座上众人的表情或谄媚,或僵硬,各怀心思。
这场夜宴以挑选献祭之女为名,为潘充送美人供他享乐是实,有些人固然是真想讨好潘充,可多数人,若非迫于淫威,谁家愿将清清白白的女儿送予他享乐凌辱?
这太守潘充年过半百,后宅的女子足有上百人,听说都过得生不如死。
一杯饮罢,潘充眯了眯眼睛,笑着看向县令孟绪,压低声音道:“本官似乎并未看到凤家人。”
孟绪道:“是,凤琰凤瑄那两个匹夫,向来骨头硬得很,仗着姓凤,便不将大人您放在眼里。”
“哎,你此言便不对了,他们华陵凤家来了人,想来也是忙着照顾,无暇分身,本官相信,他们总有一日会想起本官的。”

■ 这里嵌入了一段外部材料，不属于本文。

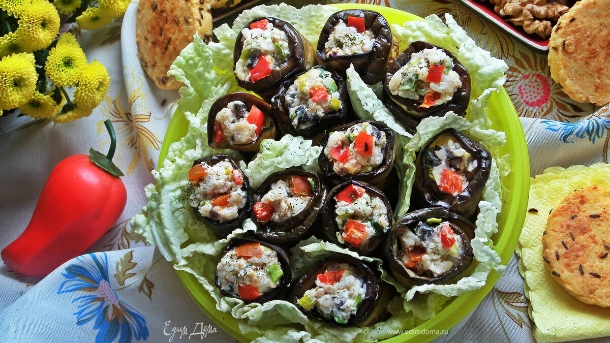 Летом самое время накрутить такие аппетитные рулетики из баклажанов с различными начинками! Предлагаю свой вариант пикантной
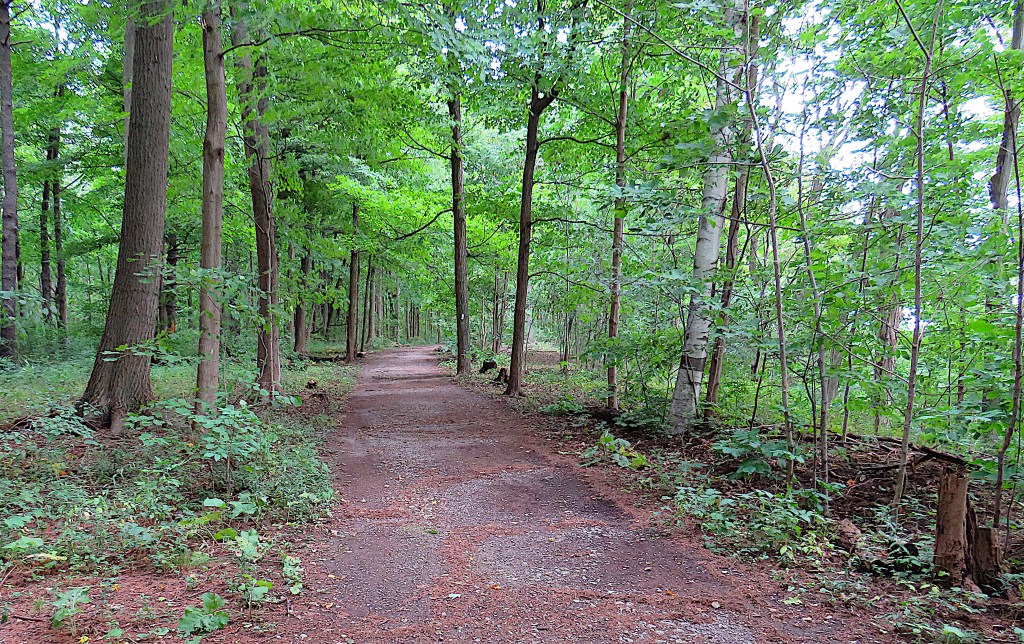 At the end of Romar Drive, you enter the Conservation Area, and have a delightful stroll through woods along the edge of the Escarpment. The Trail here becomes so broad, level, and well-drained that you can do it comfortably in almost any weather. If you are at all interested in Escarpment geology, watch for a sign for the Armstrong Trail and a steel staircase descending steeply over the edge. (This is likely to be closed during pandemic lockdowns.)

孟绪读懂了他话中之意,笑着附和:“是,大人说得极是!”
此时,宴会入口处传来一声通报——
“博阳凤家琰公到!华陵凤家大小姐到!”
闻言,潘充猛地放下酒觞,双眼烁烁,望向入口之处。
众人也都齐齐望了过去,看到凤琰身后并排走入的男女,无不是面露惊艳之色。
凤举的雍容华贵,慕容灼的绝世之姿。
潘充激动地命人在自己下手方设座,凤琰却只是淡淡地言道:“大人不必费心。”
说着,便带领凤举等人走到了偏中的一处空座。